Pasó suavemente su mano por tu cara anhelante, caricia leve como una página al
darse vuelta, hizo rodar su valija y se fue. Escuchaste el sonido de la llave
en la cerradura, corto y definitivo, y empezó la espera, inmensa.
No
estás completamente sola, está el otro, el idiota. No te dejan acercarte a él,
te gritan si lo mirás, pero allí está. Al principio su movimiento constante te
tranquiliza, te hace sentir menos sola, pero poco a poco los círculos que
dibuja en su recorrido se van acelerando y el brillo dorado que se refleja en
su cara se vuelve insoportable. No es venganza, es hastío y desesperación.
Lenta y armoniosamente, al acecho, sin hacer ruido, paso a paso, como está
escrito en tus genes, te acercás a la pecera donde el estúpido pez dorado da
vueltas incansable y con un movimiento impecable y certero de tu pata, sin
romper el mundo de cristal y agua donde el otro habitaba, lo llevás a tu boca.
No es
asesinato, es instinto, está en tu naturaleza. Jugás con el, feliz. Por un rato
la eternidad se interrumpe. Después se queda quieto, frío y viscoso. No te lo
comés, nunca te gustó el pescado crudo. Preferís ese alimento que te dejó antes
de irse en el plato lleno hasta el tope, prueba de que aunque se haya ido, te
quiere.
Ahora estás bien allí, una bola blanca sobre la alfombra de lana, cálida y
satisfecha, esperando. Antes de que el plato se vacíe, él volverá…

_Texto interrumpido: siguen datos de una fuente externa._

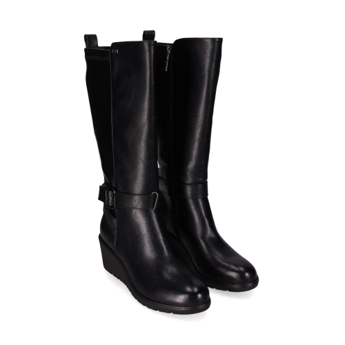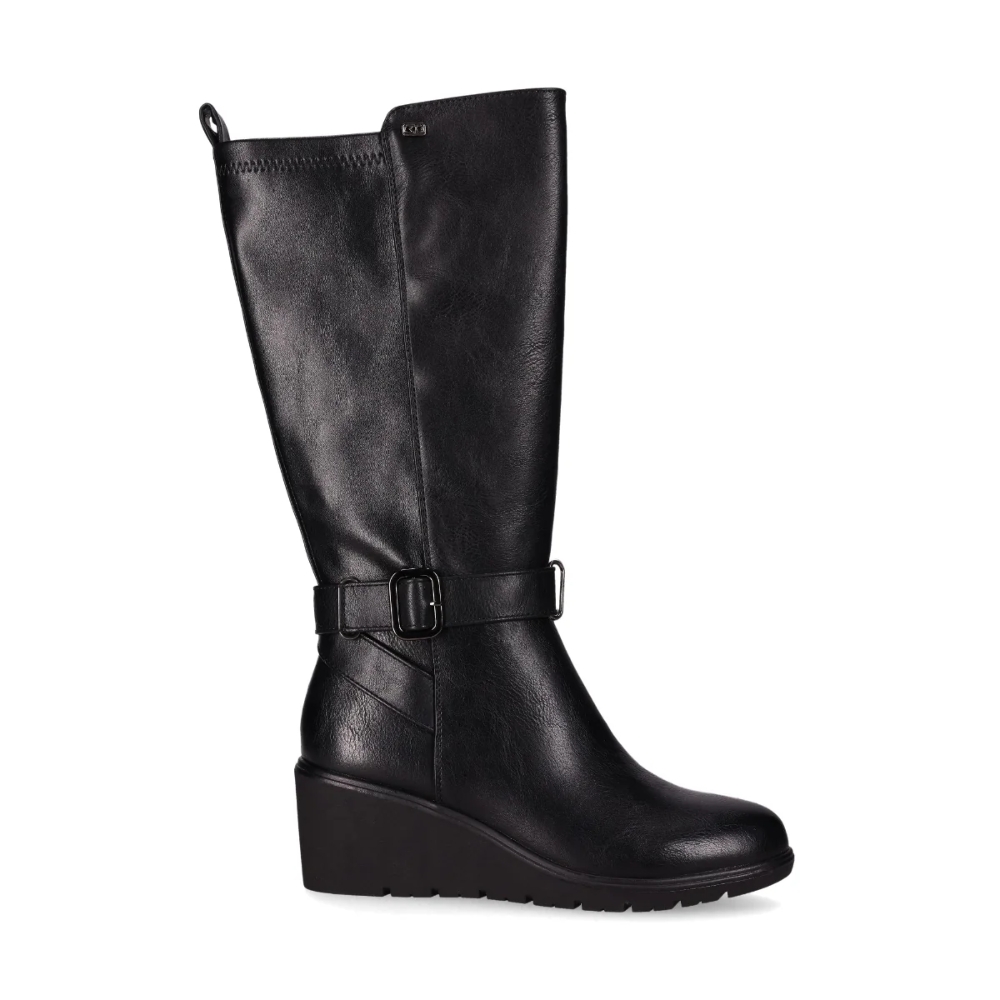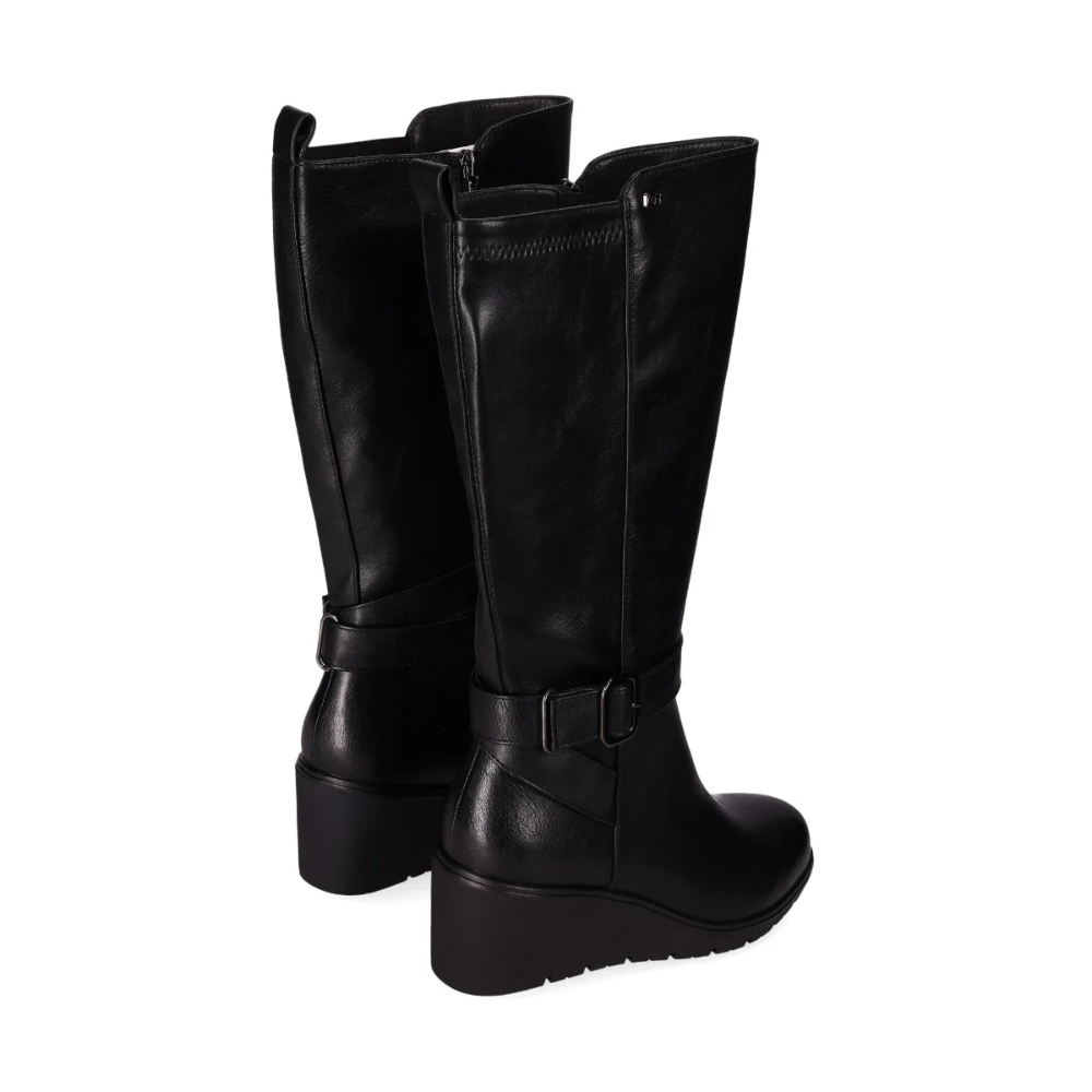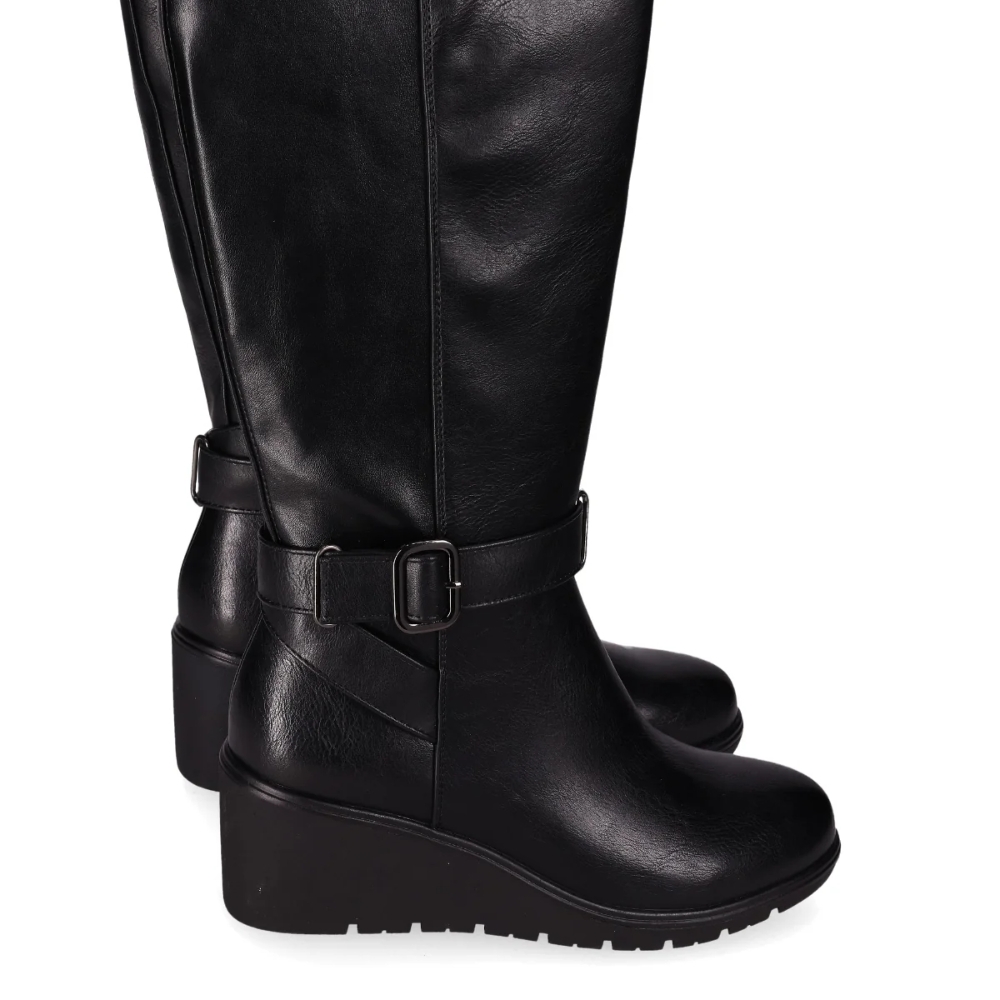 Bota de cuña baja en piel vegana. Con un diseño de caña alta, cuenta con un tacón de cuña y una correa con hebilla decorativa en el lateral. El panel elástico garantiza un ajuste cómodo y práctico, además de su cremallera lateral para mayor adaptación. ¡Combina estilo moderno y funcionalidad en un solo paso!

En perfecta armonía, justo cuando casi
no queda nada en tu plato de comida, escuchás la puerta del ascensor al
abrirse. Girás al ritmo de la llave en la cerradura; como un ovillo que se
deshace estirás tus patas, ronroneas desperezándote, indolente. Te arreglás el
pelo que brilla casi blanco a la luz. Te acercás a él todavía tibia de sol.
No hay caricia ni silencio complacido.
Sólo sentís el reproche en el tono de su voz cuando te pregunta qué hay para comer, percibís su fría mirada al ver el pescado al vapor con legumbres que preparaste para
la cena.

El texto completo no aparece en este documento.